* [What is being asked] All of the data should be copied exactly, with the pictures left out.

* [Exercise data]
============
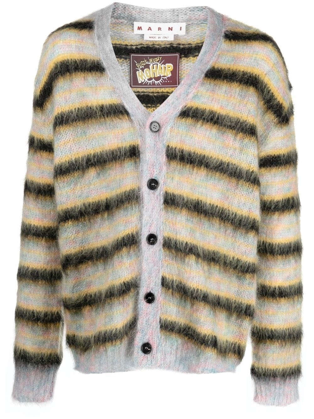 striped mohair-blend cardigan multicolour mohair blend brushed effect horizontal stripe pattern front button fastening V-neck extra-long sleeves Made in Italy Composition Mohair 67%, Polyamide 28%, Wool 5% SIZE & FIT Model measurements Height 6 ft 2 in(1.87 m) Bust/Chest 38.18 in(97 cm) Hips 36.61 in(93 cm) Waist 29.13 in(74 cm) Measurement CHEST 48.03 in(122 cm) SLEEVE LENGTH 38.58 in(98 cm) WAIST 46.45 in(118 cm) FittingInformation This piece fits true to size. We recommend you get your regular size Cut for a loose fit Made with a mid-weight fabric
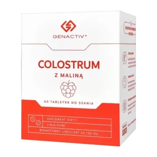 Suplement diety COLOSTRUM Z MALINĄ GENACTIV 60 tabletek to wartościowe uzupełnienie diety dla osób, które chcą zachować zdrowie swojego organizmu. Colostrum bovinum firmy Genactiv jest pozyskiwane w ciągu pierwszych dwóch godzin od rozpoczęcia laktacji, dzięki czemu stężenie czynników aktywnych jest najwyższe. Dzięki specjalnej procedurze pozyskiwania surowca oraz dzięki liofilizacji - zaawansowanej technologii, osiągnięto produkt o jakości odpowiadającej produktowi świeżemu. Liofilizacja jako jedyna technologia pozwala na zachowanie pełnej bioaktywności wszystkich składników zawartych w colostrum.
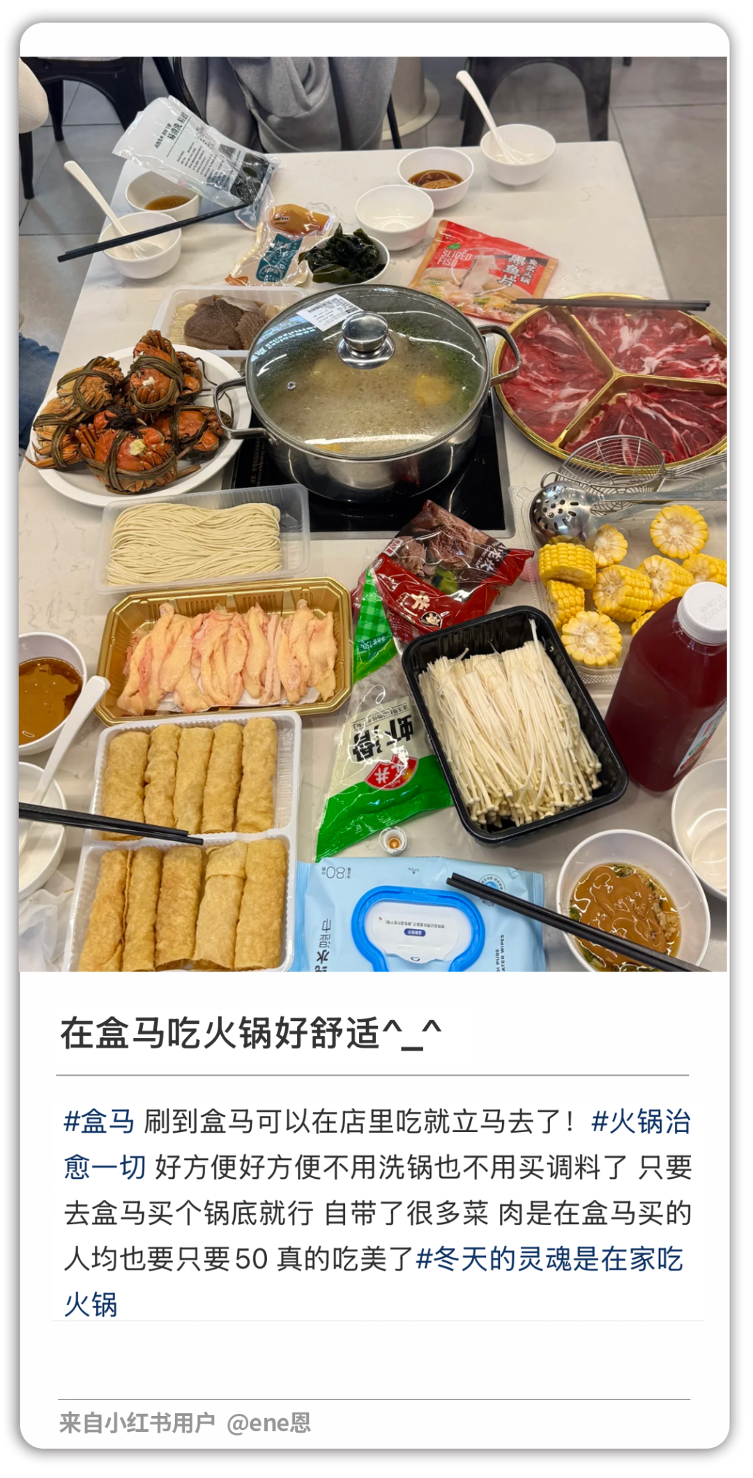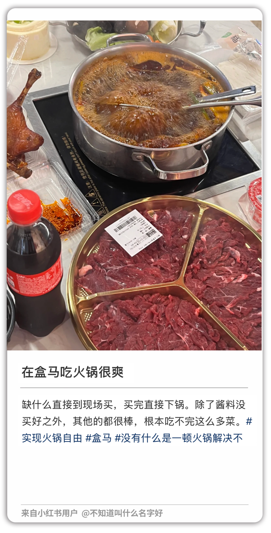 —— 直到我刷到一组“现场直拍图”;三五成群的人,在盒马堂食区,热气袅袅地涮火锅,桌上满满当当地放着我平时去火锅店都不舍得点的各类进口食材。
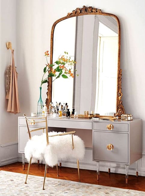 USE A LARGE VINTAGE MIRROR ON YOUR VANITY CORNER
============
* [Output]
 striped mohair-blend cardigan multicolour mohair blend brushed effect horizontal stripe pattern front button fastening V-neck extra-long sleeves Made in Italy Composition Mohair 67%, Polyamide 28%, Wool 5% SIZE & FIT Model measurements Height 6 ft 2 in(1.87 m) Bust/Chest 38.18 in(97 cm) Hips 36.61 in(93 cm) Waist 29.13 in(74 cm) Measurement CHEST 48.03 in(122 cm) SLEEVE LENGTH 38.58 in(98 cm) WAIST 46.45 in(118 cm) FittingInformation This piece fits true to size. We recommend you get your regular size Cut for a loose fit Made with a mid-weight fabric
 Suplement diety COLOSTRUM Z MALINĄ GENACTIV 60 tabletek to wartościowe uzupełnienie diety dla osób, które chcą zachować zdrowie swojego organizmu. Colostrum bovinum firmy Genactiv jest pozyskiwane w ciągu pierwszych dwóch godzin od rozpoczęcia laktacji, dzięki czemu stężenie czynników aktywnych jest najwyższe. Dzięki specjalnej procedurze pozyskiwania surowca oraz dzięki liofilizacji - zaawansowanej technologii, osiągnięto produkt o jakości odpowiadającej produktowi świeżemu. Liofilizacja jako jedyna technologia pozwala na zachowanie pełnej bioaktywności wszystkich składników zawartych w colostrum.
 —— 直到我刷到一组“现场直拍图”;三五成群的人,在盒马堂食区,热气袅袅地涮火锅,桌上满满当当地放着我平时去火锅店都不舍得点的各类进口食材。
 USE A LARGE VINTAGE MIRROR ON YOUR VANITY CORNER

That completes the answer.